__WORK ITEM__.
Would you reproduce exactly, and only, the lines starting at the one with "优雅盘发效果图:将长发松散的" and ending at the last line of the data, with both included? Leave the pictures out.

__RECORDS TO PROCESS__.
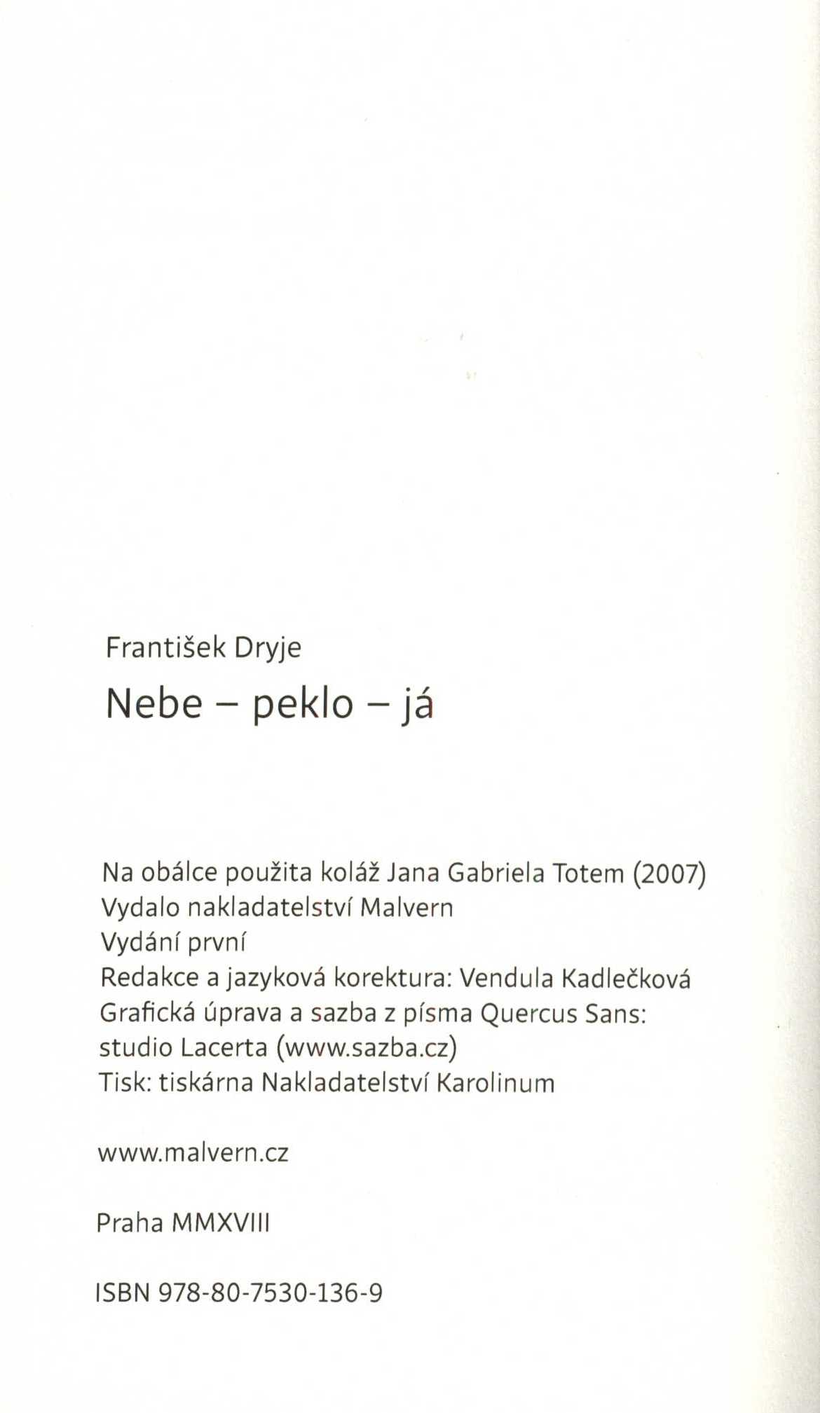 1. Title informationNebe - peklo - já : 2016-2017 / František Dryje ; na obálce použita koláž Jana Gabriela Totem (2007)
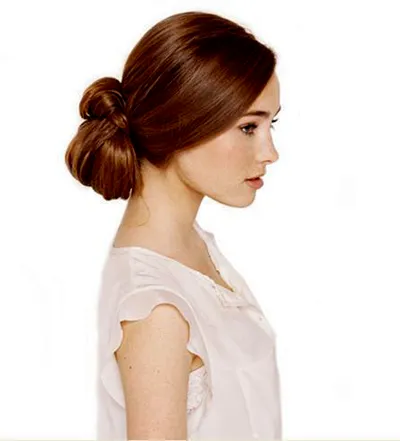 优雅盘发效果图:将长发松散的盘在脑后给人感觉十分温婉柔美,低低的发髻更是高贵优雅,十分彰显气质的一款迷人发型。
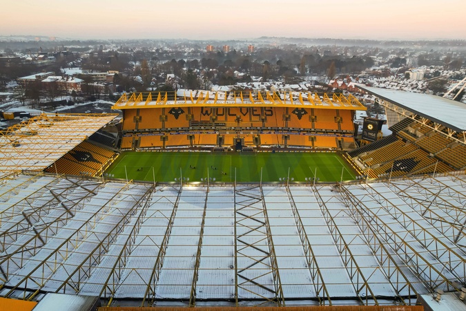 An aerial view of the Molineux Stadium before the Emirates FA Cup Third Round match Wolverhampton Wanderers vs Shrewsbury Town at Molineux, Wolverhampton, United Kingdom, 10th January 2026, Credit:Euan Manning/News Images / Avalon
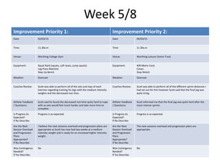 This document summarizes Oscar Gamble's 8-week training program for athlete Scott Goodman. Over the 8 weeks, Scott worked on improving his leg strength and sprinting. The training consisted of weight lifting and track workouts twice a week. Scott struggled at times with increased intensity but was able to complete all workouts. By week 8, Scott showed average results on power tests but good results for speed. The training program achieved its expected progress for Scott.
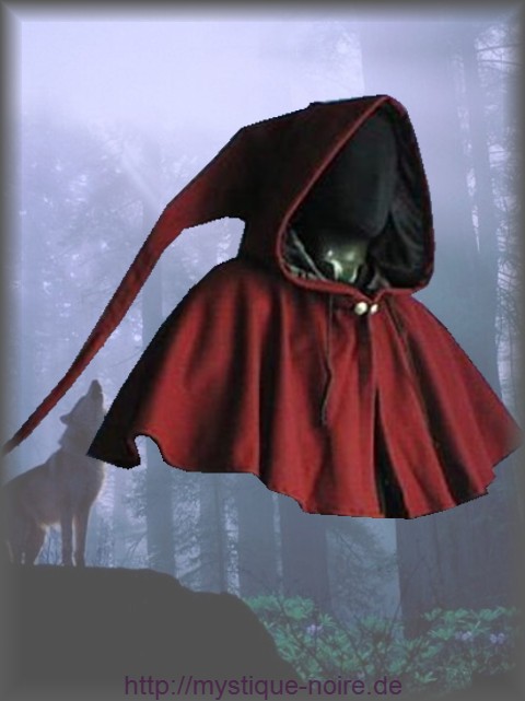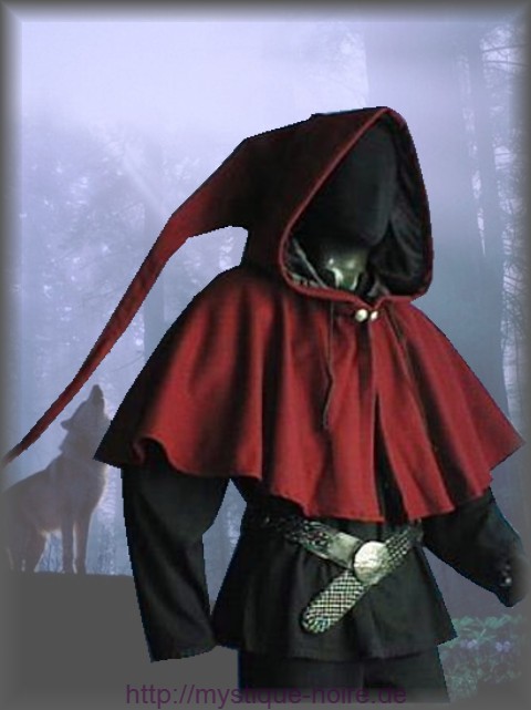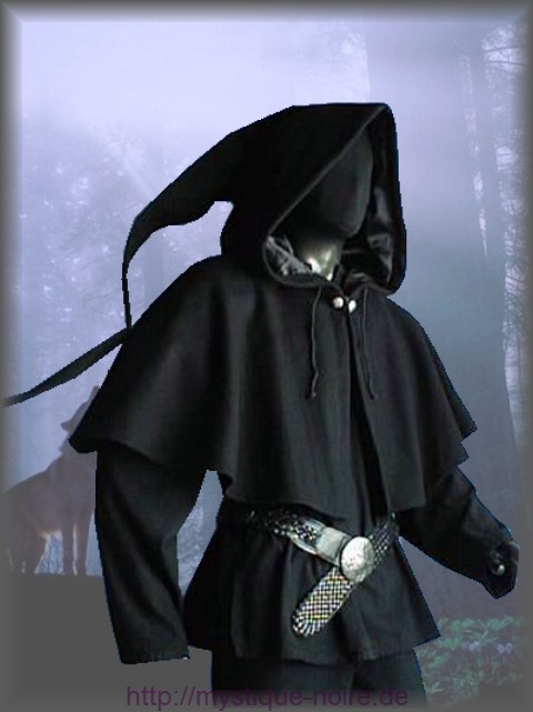 Woolen Gugel with lining and a long pointed hood. It will be closed with an ornamental button and a drawstring.

__EXERCISE OUTPUT__.
 优雅盘发效果图:将长发松散的盘在脑后给人感觉十分温婉柔美,低低的发髻更是高贵优雅,十分彰显气质的一款迷人发型。
 An aerial view of the Molineux Stadium before the Emirates FA Cup Third Round match Wolverhampton Wanderers vs Shrewsbury Town at Molineux, Wolverhampton, United Kingdom, 10th January 2026, Credit:Euan Manning/News Images / Avalon
 This document summarizes Oscar Gamble's 8-week training program for athlete Scott Goodman. Over the 8 weeks, Scott worked on improving his leg strength and sprinting. The training consisted of weight lifting and track workouts twice a week. Scott struggled at times with increased intensity but was able to complete all workouts. By week 8, Scott showed average results on power tests but good results for speed. The training program achieved its expected progress for Scott.
 Woolen Gugel with lining and a long pointed hood. It will be closed with an ornamental button and a drawstring.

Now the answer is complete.